[Start of Attachment]

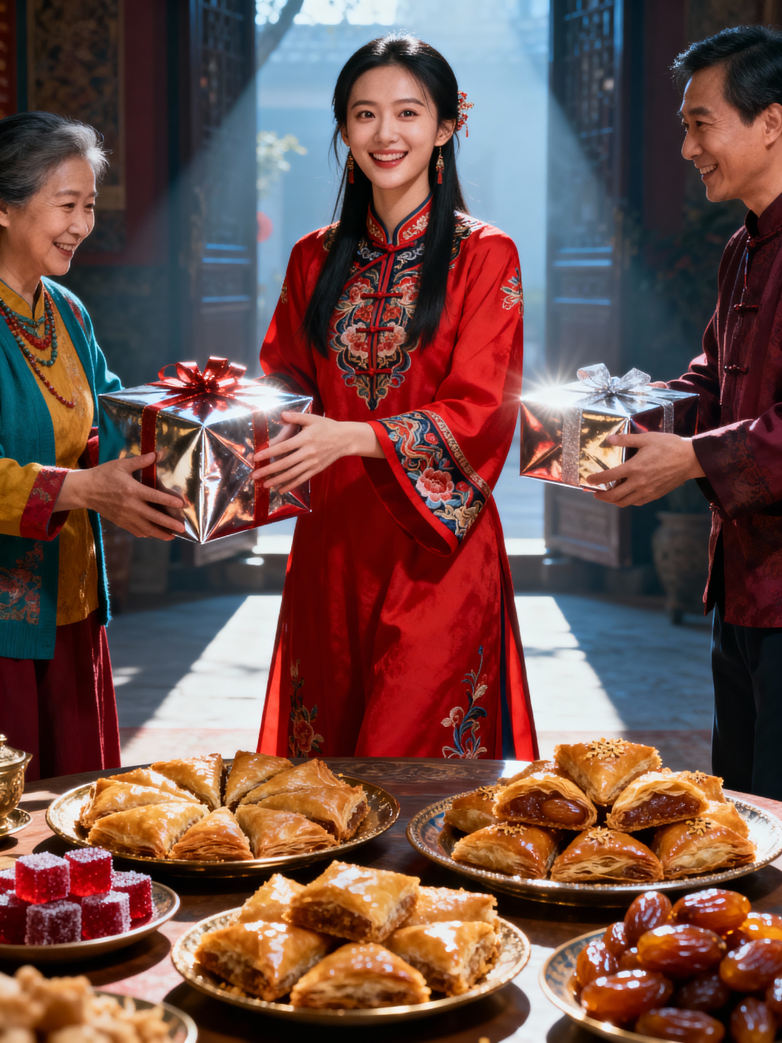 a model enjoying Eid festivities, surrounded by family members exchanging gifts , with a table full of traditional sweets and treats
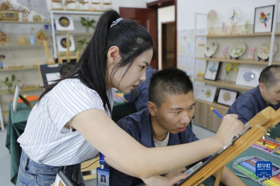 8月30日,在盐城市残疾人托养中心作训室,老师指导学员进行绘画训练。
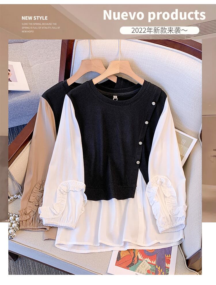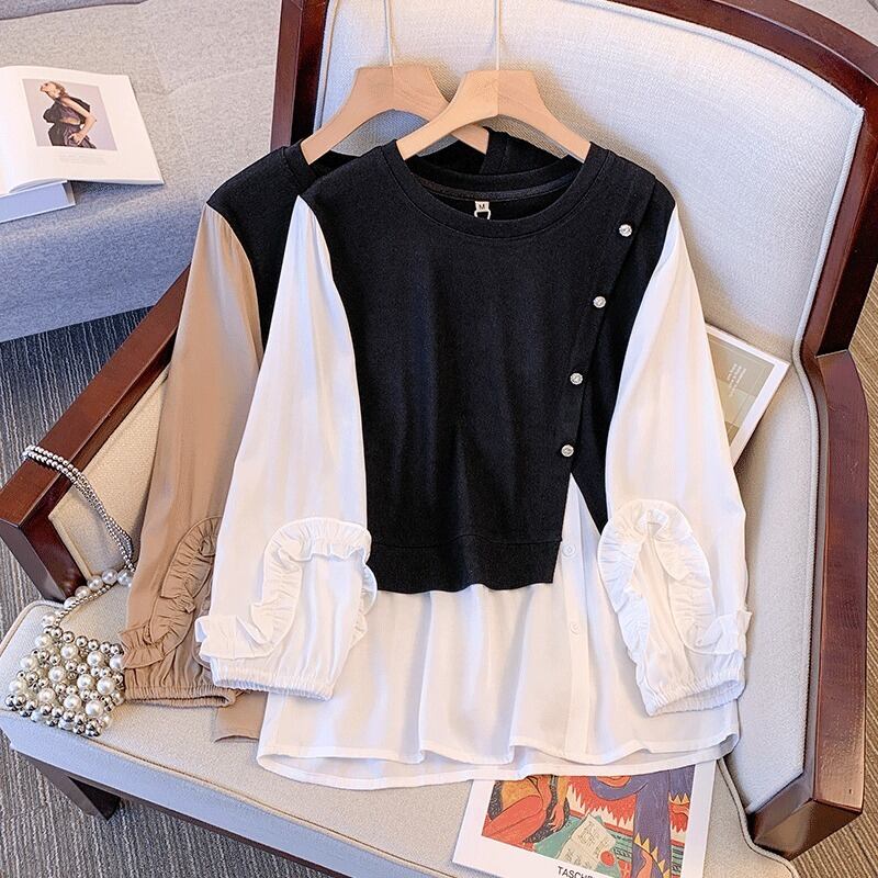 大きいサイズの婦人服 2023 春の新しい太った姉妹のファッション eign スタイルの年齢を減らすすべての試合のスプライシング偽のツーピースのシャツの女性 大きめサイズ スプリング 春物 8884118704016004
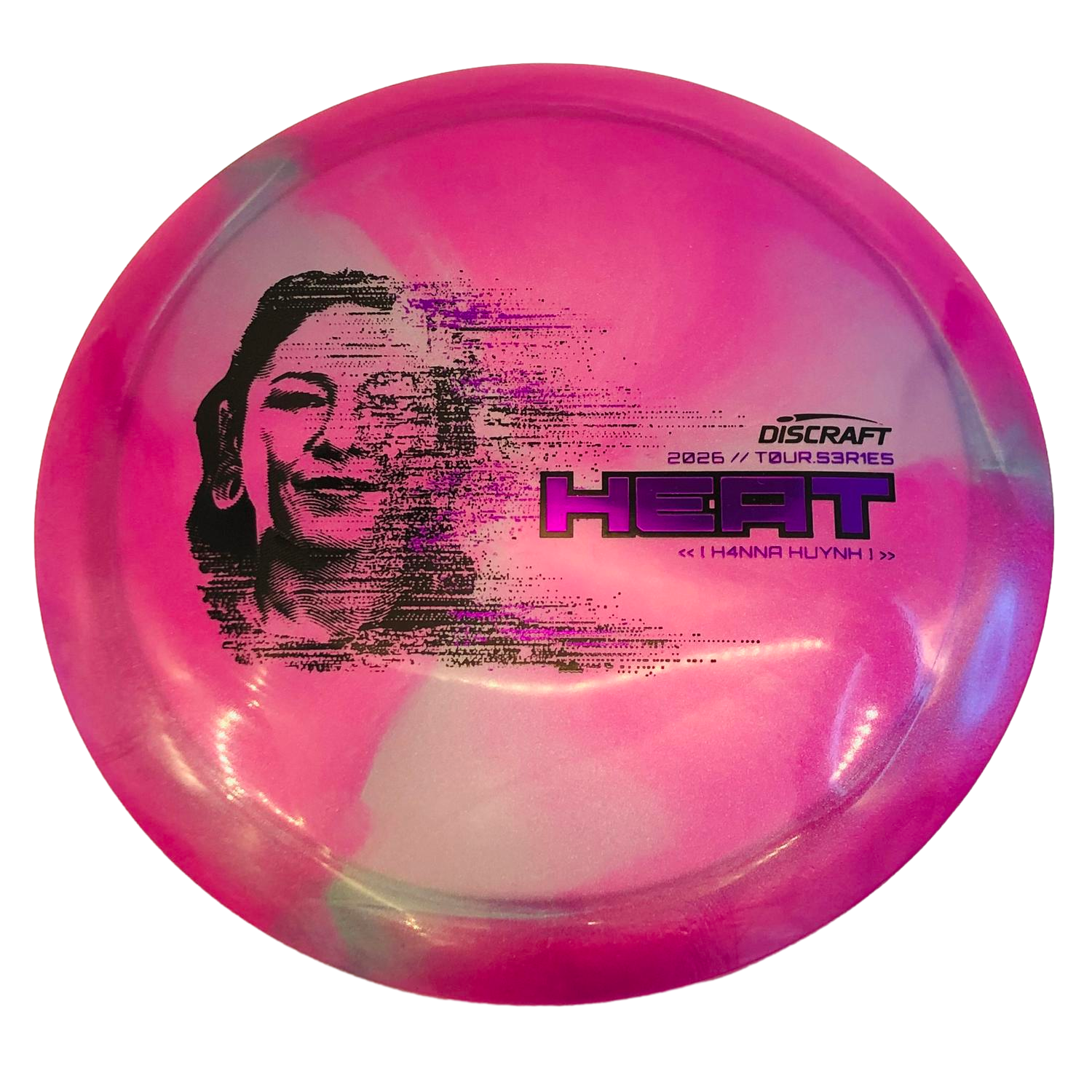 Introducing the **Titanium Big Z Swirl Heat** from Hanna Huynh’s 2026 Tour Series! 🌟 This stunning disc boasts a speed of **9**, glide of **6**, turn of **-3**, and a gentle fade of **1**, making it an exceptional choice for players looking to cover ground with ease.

[End of Attachment]
[Start of Attachment]

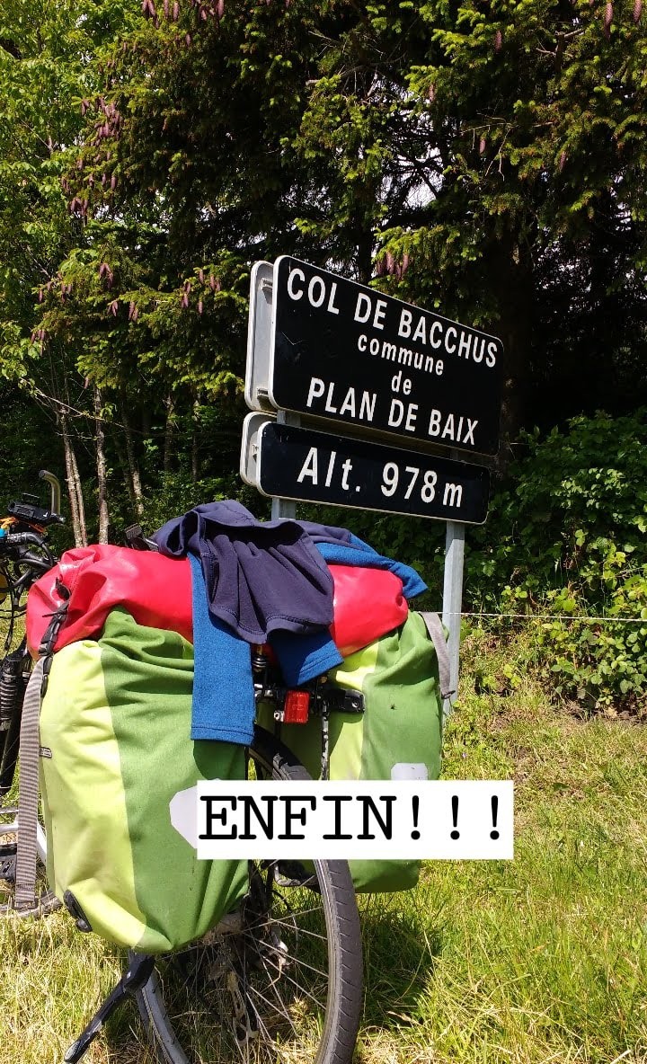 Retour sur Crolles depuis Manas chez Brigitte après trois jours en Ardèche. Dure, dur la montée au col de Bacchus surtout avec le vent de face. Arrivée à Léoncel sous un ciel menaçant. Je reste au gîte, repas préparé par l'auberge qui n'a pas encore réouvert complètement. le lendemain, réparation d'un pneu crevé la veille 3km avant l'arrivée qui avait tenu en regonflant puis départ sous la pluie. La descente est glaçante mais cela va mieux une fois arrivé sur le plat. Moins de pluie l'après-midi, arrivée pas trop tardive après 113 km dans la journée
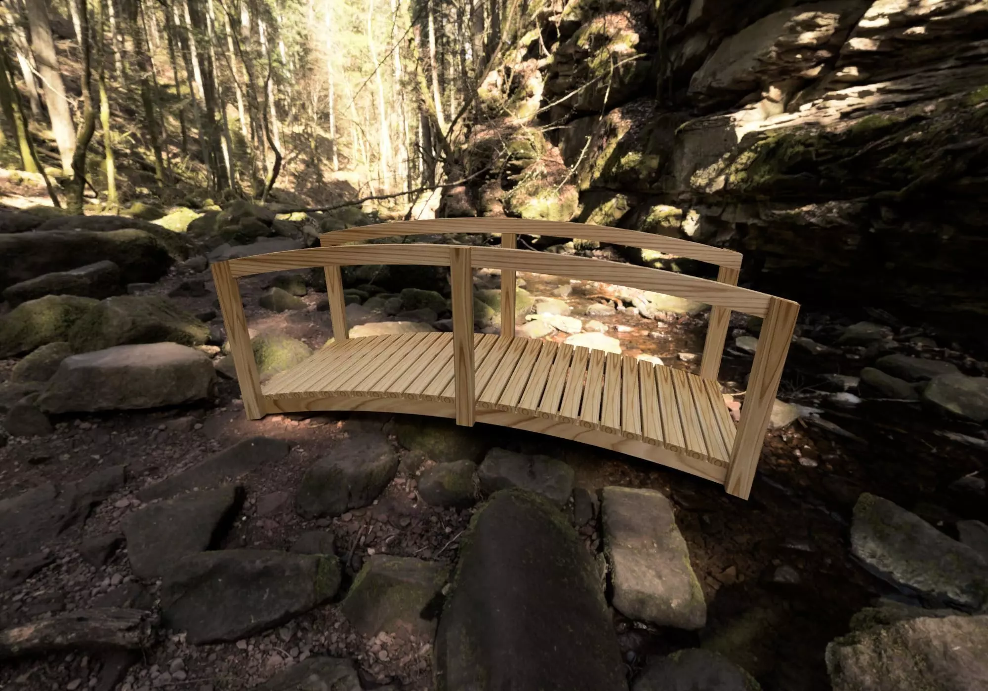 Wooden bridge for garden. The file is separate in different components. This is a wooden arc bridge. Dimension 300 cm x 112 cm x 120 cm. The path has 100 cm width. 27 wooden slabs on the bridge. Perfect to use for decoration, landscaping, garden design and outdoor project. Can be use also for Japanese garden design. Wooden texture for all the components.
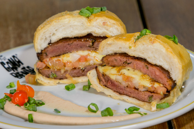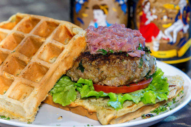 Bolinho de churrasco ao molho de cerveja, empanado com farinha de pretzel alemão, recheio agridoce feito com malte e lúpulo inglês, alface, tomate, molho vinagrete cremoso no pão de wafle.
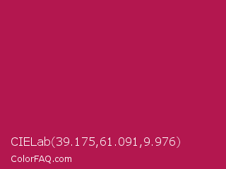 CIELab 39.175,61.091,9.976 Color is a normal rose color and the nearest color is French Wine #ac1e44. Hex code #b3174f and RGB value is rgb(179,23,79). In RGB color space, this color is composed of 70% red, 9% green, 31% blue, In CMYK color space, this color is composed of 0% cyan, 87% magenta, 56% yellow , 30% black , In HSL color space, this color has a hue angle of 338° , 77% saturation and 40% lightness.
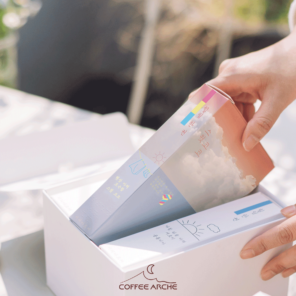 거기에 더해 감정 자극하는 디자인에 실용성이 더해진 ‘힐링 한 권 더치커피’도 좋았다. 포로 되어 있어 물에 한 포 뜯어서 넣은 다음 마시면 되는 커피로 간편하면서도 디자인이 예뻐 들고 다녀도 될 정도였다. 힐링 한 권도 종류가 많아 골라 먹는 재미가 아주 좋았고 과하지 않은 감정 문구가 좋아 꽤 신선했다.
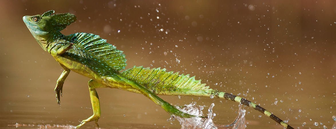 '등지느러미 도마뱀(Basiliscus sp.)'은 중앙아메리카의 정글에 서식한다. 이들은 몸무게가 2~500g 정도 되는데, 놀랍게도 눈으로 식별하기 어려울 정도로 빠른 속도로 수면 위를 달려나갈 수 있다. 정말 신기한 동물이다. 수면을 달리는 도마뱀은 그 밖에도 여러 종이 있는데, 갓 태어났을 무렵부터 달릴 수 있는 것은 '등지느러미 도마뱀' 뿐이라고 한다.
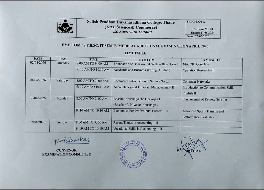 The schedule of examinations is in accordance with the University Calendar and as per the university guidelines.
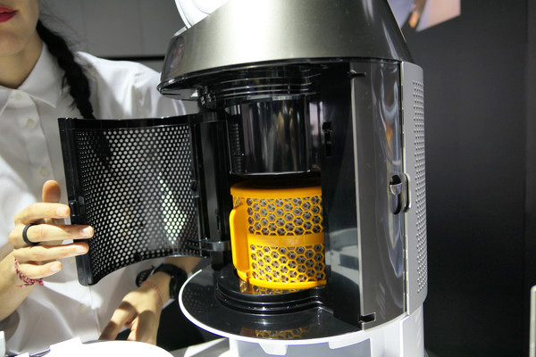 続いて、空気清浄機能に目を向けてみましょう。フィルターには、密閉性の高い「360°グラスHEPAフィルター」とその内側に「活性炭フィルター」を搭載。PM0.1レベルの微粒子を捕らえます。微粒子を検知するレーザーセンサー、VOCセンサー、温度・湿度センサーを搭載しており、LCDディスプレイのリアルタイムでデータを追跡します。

[End of Attachment]
[Start of Attachment]

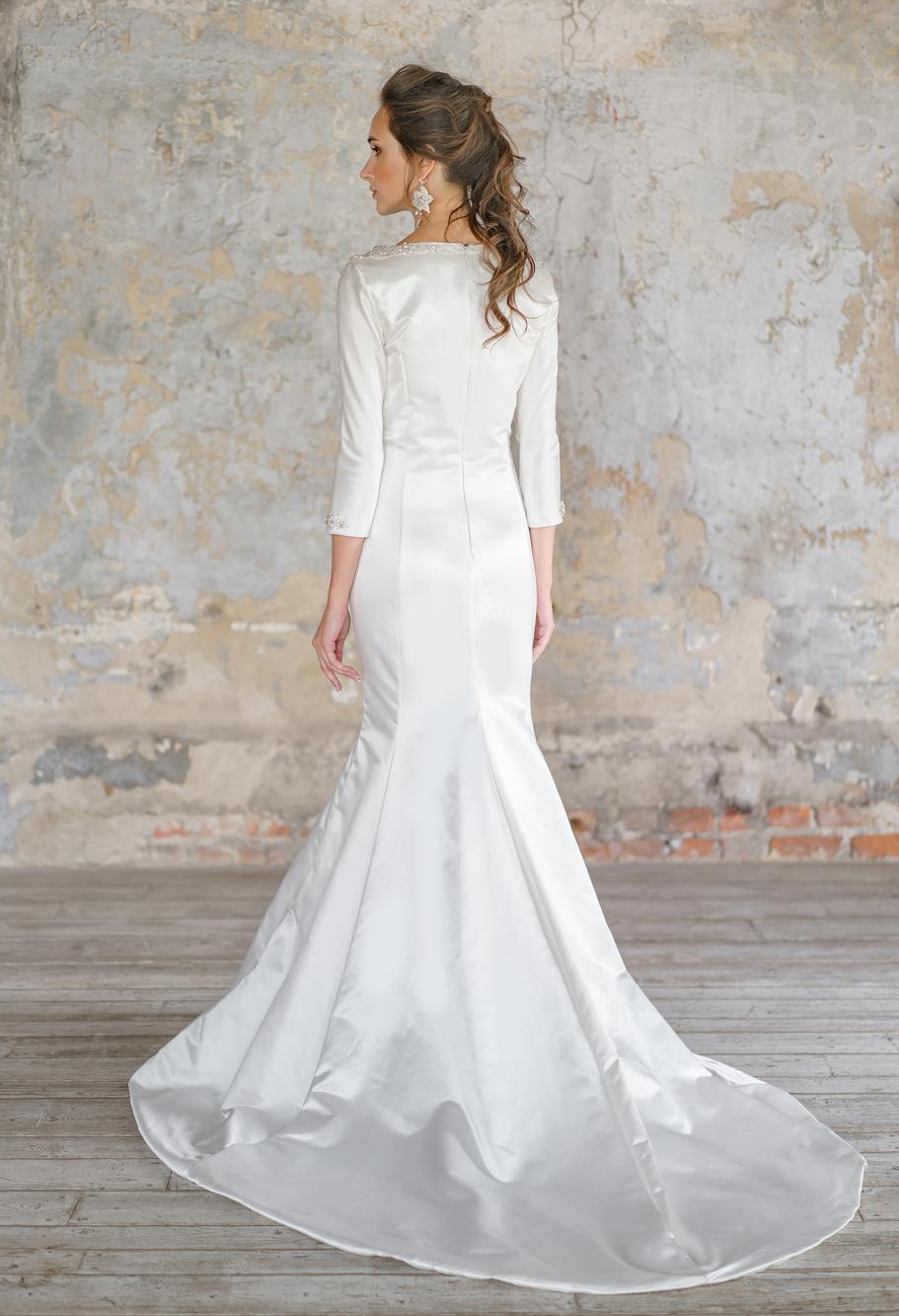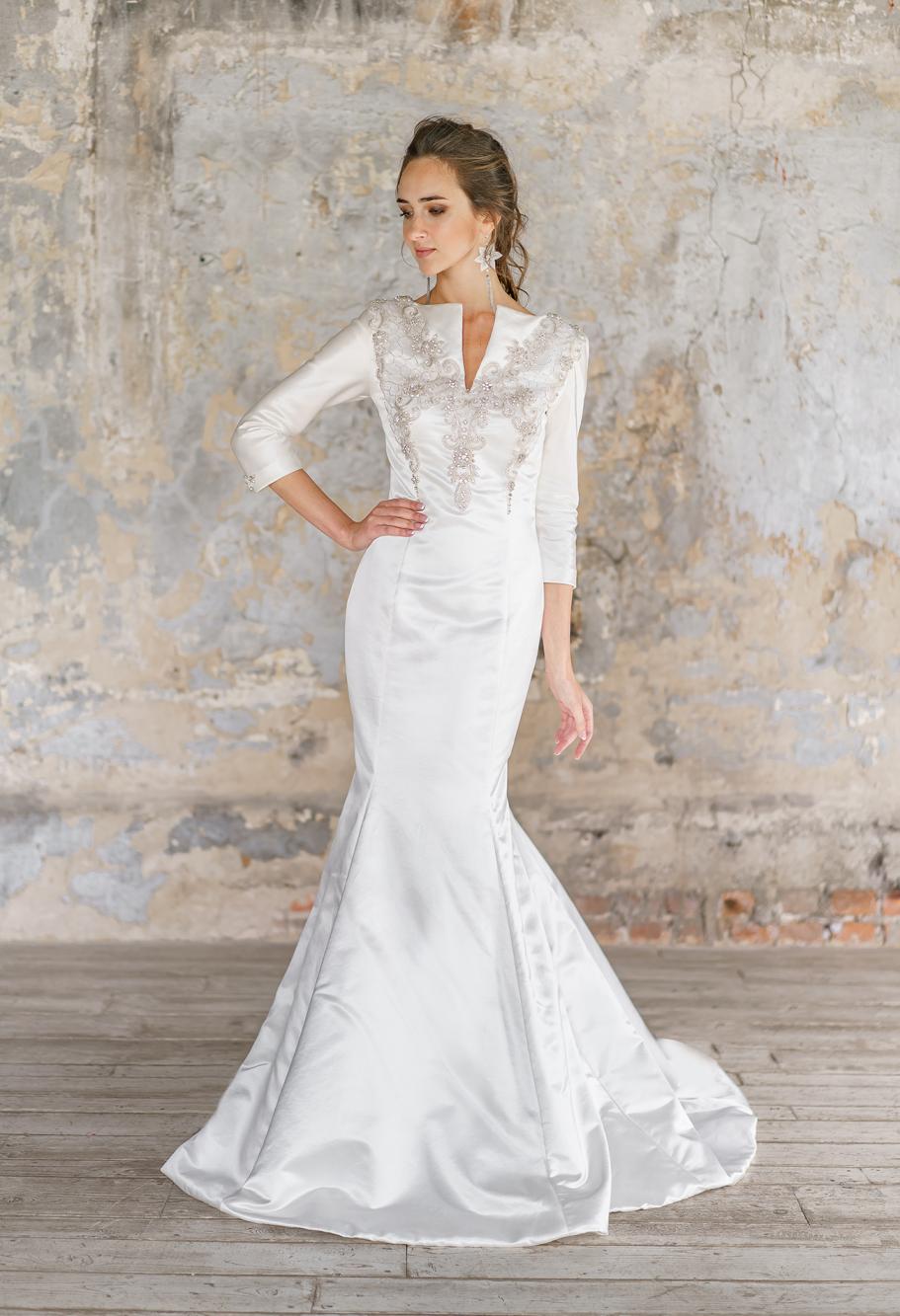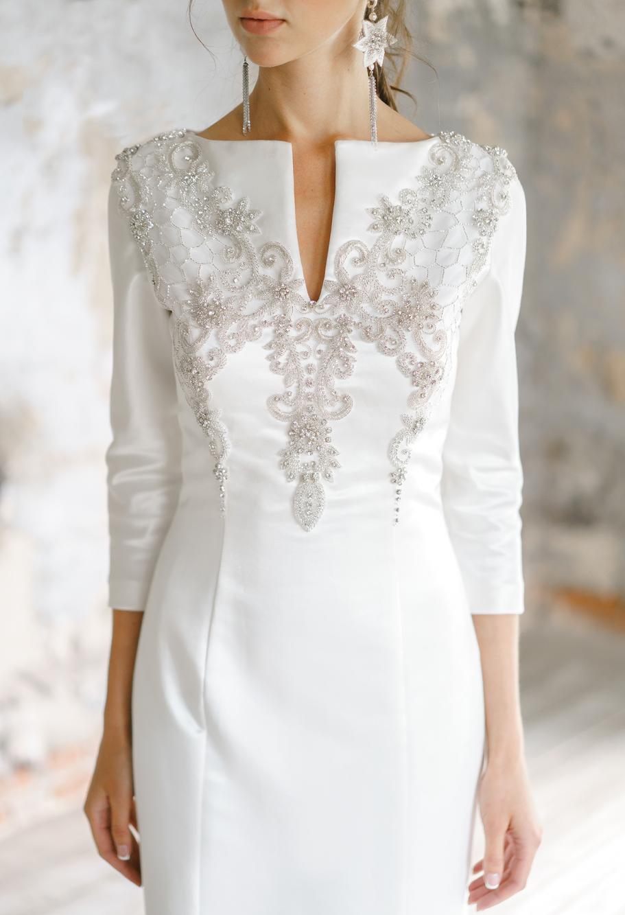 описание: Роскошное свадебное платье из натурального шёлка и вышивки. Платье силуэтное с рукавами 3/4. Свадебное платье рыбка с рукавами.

[End of Attachment]

> **Work instructions**
Although pictures appear among the entries, please set down only the lines from the one with "a model enjoying" up to and including the one with "Introducing the **Titanium", word for word.

> **Written solution**
 a model enjoying Eid festivities, surrounded by family members exchanging gifts , with a table full of traditional sweets and treats
 8月30日,在盐城市残疾人托养中心作训室,老师指导学员进行绘画训练。
 大きいサイズの婦人服 2023 春の新しい太った姉妹のファッション eign スタイルの年齢を減らすすべての試合のスプライシング偽のツーピースのシャツの女性 大きめサイズ スプリング 春物 8884118704016004
 Introducing the **Titanium Big Z Swirl Heat** from Hanna Huynh’s 2026 Tour Series! 🌟 This stunning disc boasts a speed of **9**, glide of **6**, turn of **-3**, and a gentle fade of **1**, making it an exceptional choice for players looking to cover ground with ease.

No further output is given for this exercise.